Welcome to About Time
About Time is a high quality, non-partisan media organisation that publishes the voices of Australia’s incarcerated population and provides a window into the concealed world behind bars.
Our Values
We place lived experience voices at the centre of everything we do. To ensure our content is as relevant and effective as possible, it is primarily produced with the words and advice of people who are currently or were formerly in prison.
We publish high-quality, non-partisan material. We work with our storytellers to ensure that their content is powerful and effective. We take the side of the public interest rather than interest groups or political parties.
We value collaboration. We work within the criminal justice sector, in which dozens of community organisations seek to improve the lives of people affected by incarceration. As much as possible, we work with these organisations to have the greatest impact.
Why We Exist
Australia has a record high prison population; a population that is overwhelmingly disadvantaged and increasingly isolated from the rest of society. People in prison have little or no access to the internet, few news sources and limited opportunities for self-expression. By providing Australia’s incarcerated population with a voice and a source of connection, we seek to alleviate some of the immense isolation of the prison environment.
By design, the realities of prison are concealed from the outside world, which leads to the dehumanisation of Australia’s prison population and misinformation about incarcerated people and what goes on inside. We seek to combat false narratives and educate free society about life behind bars.
Our Impact
We seek to improve the lives of people in prison in Australia.
We provide:
- a voice and an outlet for expression
- an opportunity for connection
- a sense of hope
- a reliable, trustworthy source of news and accurate information
- a source of entertainment and distraction.
We seek to engender empathy and humanity from the outside world for people in prison.
We seek to provide a reliable, trustworthy source of news and investigations on the criminal justice system.
About the paper
About Time launched in July 2024.
The newspaper is published and distributed free of charge each month to 96 prisons across New South Wales, Victoria, Queensland, Western Australia, South Australia, Tasmania and the ACT. The paper is also freely available online, and available in-print to people on the outside via a paid subscription.
The majority of the paper’s content is written by currently and formerly incarcerated people. The centrepiece of the paper is the Letters section, which contains the letters that people in prison send to About Time’s mailbox every day. These letters are wide-ranging: they are life stories and reflections, regrets and dreams for the future. They are poems, works of fiction and artworks. They are grievances about prison life and stories of hope amidst the darkness. And they are feedback for us – for About Time – about their thoughts on their paper.
The paper also contains longer Experience pieces written primarily by formerly incarcerated people. There are hard-hitting news stories and lengthy investigations about prisons and the criminal justice system. There is vital information from experts about legal rights, health, education and reintegration opportunities. There is a dedicated section for Mob, plus poems, puzzles, comics, sport and other cultural reports, and more.
The paper is currently a 28-page colour monthly, with a potential audience of 40,000 people in prison and many thousands more in the wider community.
Online-only content
Through our website, our newsletter and our social media platforms, we have an opportunity to publish and share additional content. This might be content unsuitable for the newspaper, content rejected by Corrections authorities, or content in non-written forms.

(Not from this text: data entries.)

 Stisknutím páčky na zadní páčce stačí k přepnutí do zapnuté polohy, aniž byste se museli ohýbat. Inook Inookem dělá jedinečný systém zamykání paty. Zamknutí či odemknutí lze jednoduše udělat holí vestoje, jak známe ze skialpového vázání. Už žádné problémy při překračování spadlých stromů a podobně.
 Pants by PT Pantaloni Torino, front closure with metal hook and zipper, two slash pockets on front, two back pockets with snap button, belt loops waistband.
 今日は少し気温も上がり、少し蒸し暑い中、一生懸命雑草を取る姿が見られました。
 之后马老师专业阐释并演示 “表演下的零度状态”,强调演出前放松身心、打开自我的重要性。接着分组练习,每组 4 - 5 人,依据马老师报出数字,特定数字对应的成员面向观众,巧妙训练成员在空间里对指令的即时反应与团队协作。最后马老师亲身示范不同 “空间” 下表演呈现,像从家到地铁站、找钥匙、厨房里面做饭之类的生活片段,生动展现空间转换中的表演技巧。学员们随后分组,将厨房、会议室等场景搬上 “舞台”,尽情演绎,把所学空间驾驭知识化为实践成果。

We publish breaking news stories regularly on our website and we have begun to experiment with video content as a powerful way to share stories.

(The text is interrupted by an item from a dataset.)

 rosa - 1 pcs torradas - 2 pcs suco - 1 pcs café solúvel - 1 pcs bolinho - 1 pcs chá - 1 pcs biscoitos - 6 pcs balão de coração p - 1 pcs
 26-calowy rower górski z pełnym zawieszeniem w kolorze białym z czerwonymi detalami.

As the Prison Journalism Project writes: “To shift the narrative, we must change the storytellers.”
People who have experienced prison life are best placed to write about those experiences, yet they often lack the skills to tell their stories and report on the news effectively. We have begun to run workshops – both in and outside prison – to train currently and formerly incarcerated people, and others who may be impacted by incarceration, to tell their stories effectively, and to report on the criminal justice system.
We hope to expand this significantly, going into prisons around the country and running large workshops in the wider community, to create a network of people with lived experience who can contribute in a meaningful and powerful way to the discourse.
As Freedom Reads writes, “In an environment where the freedom to think, to contribute to a community, and even to dream about what is possible is too often curtailed”, the power of the book is almost limitless.
People in prison have varying and sporadic access to libraries, depending on their security status and depending on the staffing numbers in their wing and in their prison. We want to ensure that all people in prison have access to a wide range of books – access that isn’t impinged because of things outside their control.
We can do that through various means including:
- collecting and donating tens of thousands of books to dozens of prison libraries
- building beautiful, handcrafted bookcases into prison wings, transforming cellblocks into Freedom Libraries
- hosting bookclubs for people in prison and encouraging people inside to host their own.
We are inspired by the hugely successful Ear Hustle podcast, which brings the daily realities of life inside prison, shared by those living it, and stories from the outside, post-incarceration.
We are in awe of the UK Prison Radio Association and its National Prison Radio, a 24/7 radio station for people in prison, made my people in prison.
We are constantly reminded by the power of storytelling. One of the best examples of this is The Moth and its live events around the world. We want to host live events, sharing the compelling stories of formerly incarcerated people, told with power and impact.